Next, the molecular basis accounting for the experimentally observed DNA target specificity was investigated, in particular the relevance of the residue at position 320 neighboring the catalytic Y324. Theoretical models predicted a preference for isoleucine at position 320 when the target site is loxP. This preference arises from van der Waals contacts between the side chain of I320(A) and the sugar backbone and base T3′(TS), as observed in Cre^wtand RecS3^S320I(FIG. 10C). These interactions diminish when isoleucine is substituted by serine. Nevertheless, the recombination activity of RecS3^S320Idoes not reach the levels of Cre^wt, which may arise from the lack of interactions of I320 with pG2′(TS) and of K201(A) with A4′(TS).
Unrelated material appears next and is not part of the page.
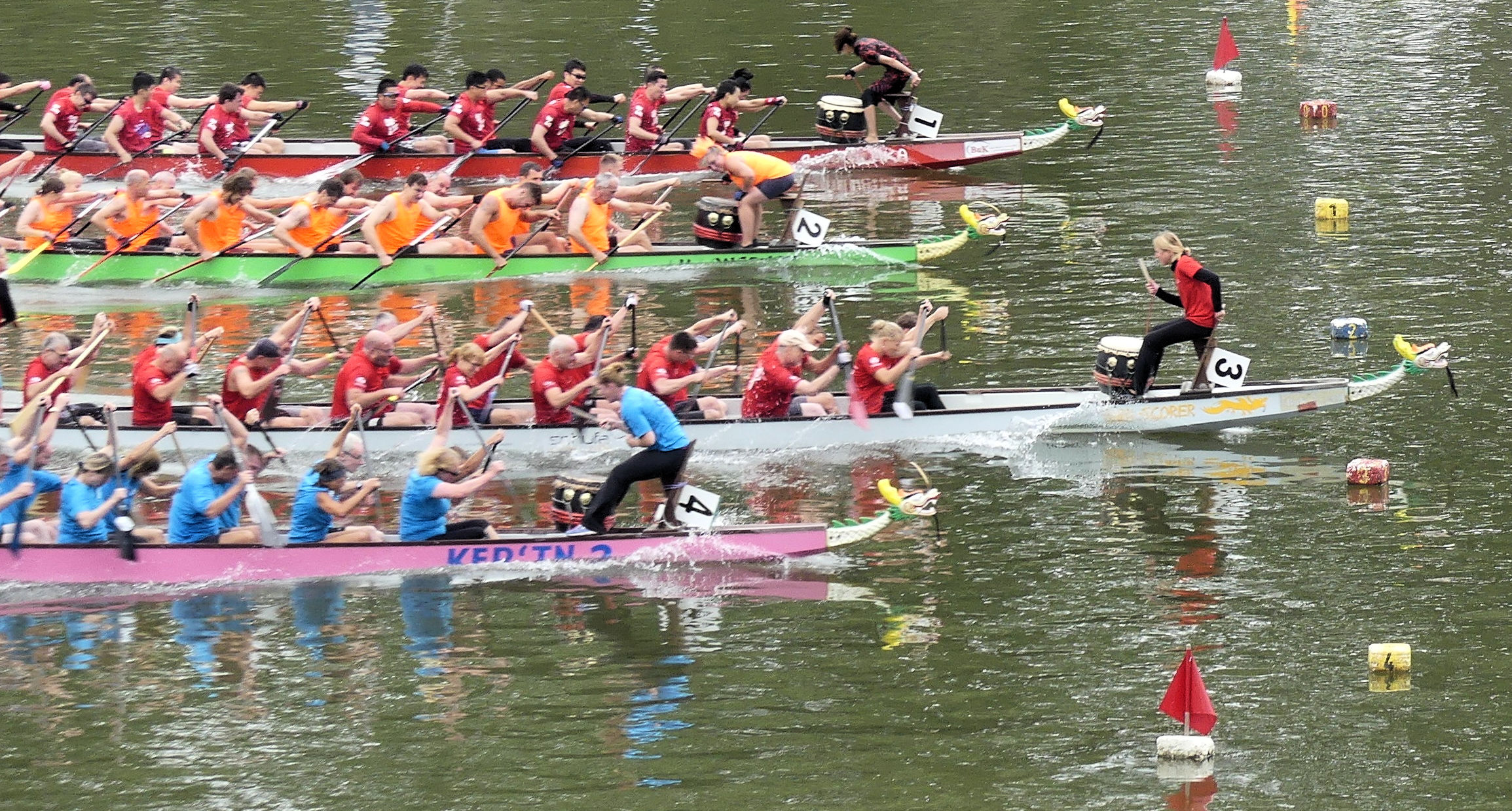 Die Geräuschkulisse im Hafen übertönte auch den Kirmeslärm beim Hafenfest: Das rhythmische Trommeln auf den Drachenbooten, die Lautsprecherstimme des Moderators, die Anfeuerungsrufe der knapp 300 Sportlerinnen und Sportler aus der Region — vom Start um 9 Uhr bis zur Siegerehrung am Nachmittag gehörte der Hafen den Drachenbooten. Spannend war’s. Nicht nur für die Sportlerinnen und Sportler selbst, sondern für jede Menge Zuschauer am Ufer.

Of particular interest is the behavior of Y324(I) of Cre^I320S, which interacts with pC3(BS) and pG4(BS) of loxP (53% and 47% of the MD simulation time, respectively; FIG. 10A) and with pA3(BS) and pG4(BS) of loxSE3(37% and 61% of the MD simulation time, respectively). These interactions in both target sites might further compromise the catalytic activity of these recombinases. Furthermore, residue W315(A), which also supports recombination, does not recognize pT3′(TS) of loxP and pA3′(TS) of loxSE3. For RecS3, residue S320(A) establishes an H-bond with pC2′(TS) in loxSE3, as it is observed in Cre^I320S. In contrast, such interactions are not observed in the RecS3^S320I/loxSE3 complex.
The fact that several catalytic residues (i.e. H289, W315, Y324) and some of the mutations introduced in RecS3 with respect to Cre^wt(i.e. 1316T, T317N, S320I, Y323N) are contained in the helices K, L and M of the recombinase, and that the recognition of these regions by the DNA could perhaps account for the predicted displacement of Y324 in the studied systems, led to an investigation of potential conformational alterations in these regions. Calculated RMSD_Cα values from average MD structures showed negligible conformational changes. However, residues Y324 (I) and 1325 (I) of RecS3 exhibited the highest RMSD_Cα values when complexed to loxP, indicating their displacement in comparison to Cre/loxP (FIG. 11 ).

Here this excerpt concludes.